A similar story emerged in 1957, courtesy of writer John Toland, who told the story of the U.S. Navy airship Macon. In 1934 the Macon had participated in maneuvers in the Caribbean and was sailing westward on it's return trip. As it was entering the sky over California on the afternoon of May 17, the commander, Robert Davis, heard a loud splashing over his head from one of the ballast bags.

Concerned, he climbed into the rigging as the splashing grew louder and louder. He opened the ballast bag and looked in. Swimming around excitedly was a two-foot alligator.

No one had any idea where it came from. They had been in the air for several days and it seemed highly improbable that this big, noisy creature could have been with them all that time without being heard. Moreover, Davis, a restless fellow by nature, had been up and around the ship ever since their departure, and he had seen nothing so out of the ordinary as an alligator.

The only possible explanation - though it made no sense at all - was that the reptilee had fallen on the ballast bag from above.

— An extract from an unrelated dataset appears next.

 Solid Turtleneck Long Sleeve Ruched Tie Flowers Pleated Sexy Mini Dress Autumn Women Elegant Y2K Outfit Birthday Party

Yet another tale comes from Mr. and Mrs. Tucker of Long Beach, California, who heard a loud thump in their backyard in 1960. Immediately following that, they heard a loud grunt. When the couple stepped outside, they were astonished to encounter a five- foot alligator. They could only conclude that it dropped from the sky.



Flames From The Sky

Legend has it that the Great Chicago Fire of 1871 began when Mrs. O'Leary's cow kicked over a lantern, igniting her straw. The flames then allegedly consumed her barn, jumping from one wooden structure to another until virtually the whole city lay under flame. Before the flames were through, more than seventeen thousand buildings were destroyed, a hundred thousand people were left homeless, and at least two hundred fifty had died.

Less well-known is that the whole of the American Midwest fell victim to disastrous fires the night of October 8, 1871, from Indiana to the Dakotas, and from Iowa to Minnesota. All told, they represent the most mysterious and deadly conflagration in national memory. Eclipsed in history by the Chicago cauldron, little Peshtigo, a small community of two thousand near Green Bay, Wisconsin, fared far worse in terms of lives lost. Half the town - 1,000 people - died that terrible night, suffocated where they stood, or consumed by flames whose origins remain unknown. Not a single structure was left standing.

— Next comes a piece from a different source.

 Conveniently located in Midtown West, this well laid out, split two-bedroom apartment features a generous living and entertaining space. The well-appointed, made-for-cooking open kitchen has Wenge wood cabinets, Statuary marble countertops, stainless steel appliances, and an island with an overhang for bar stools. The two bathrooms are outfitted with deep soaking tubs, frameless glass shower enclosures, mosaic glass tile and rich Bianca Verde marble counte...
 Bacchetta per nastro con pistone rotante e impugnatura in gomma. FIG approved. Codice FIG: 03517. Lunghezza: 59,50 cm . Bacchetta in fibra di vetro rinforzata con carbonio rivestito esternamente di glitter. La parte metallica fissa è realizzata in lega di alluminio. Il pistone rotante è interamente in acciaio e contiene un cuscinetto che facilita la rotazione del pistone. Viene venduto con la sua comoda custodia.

Where did the flames come from, and why so suddenly, without any warning? "In one awful instant a great flame shot up in the western heavens," wrote one Peshtigo survivor. "Countless fiery tongues struck down into the village, piercing every object that stood in town like a red-hot bolt. A deafening roar, mingled with blasts of electric flame, filled the air and paralyzed every soul in the place. There was no beginning to the work of ruin; the flaming whirlwind swirled in an instant through town." Other survivors referred to the phenomenon as a tornado of fire, reporting burning buildings lifted whole in the air before they exploded into glowing cinders.

What eyewitnesses described was more like a holocaust from heaven than an accidental fire started by a nervous cow. And in fact, according to a theory propounded by Minnesota Congressmen Ignatius Donnelly, the devastating fires of 1871 did fall from above, in the form of a wayward cometary tail. During it's 1846 passage, Biela's comet had inexplicably split in two; it was supposed to return in 1866, but failed to appear. Biela's fragmented head finally showed up in 1872 as a meteor shower.

Donnelly suggested the separated tail appeared in 1871 and was the prime cause of the widespread firestorm that swept the Midwest, damaging or destroying a total of twenty-four towns and leaving 2,000 or more dead in its wake. Drought conditions that fall no doubt contributed to the extent of the conflagration.

History today concentrates on the Chicago Fire alone and largely overlooks the Peshtigo Horror, as it was then called. It ignores altogether Biela's comet and it's unaccounted-for tail.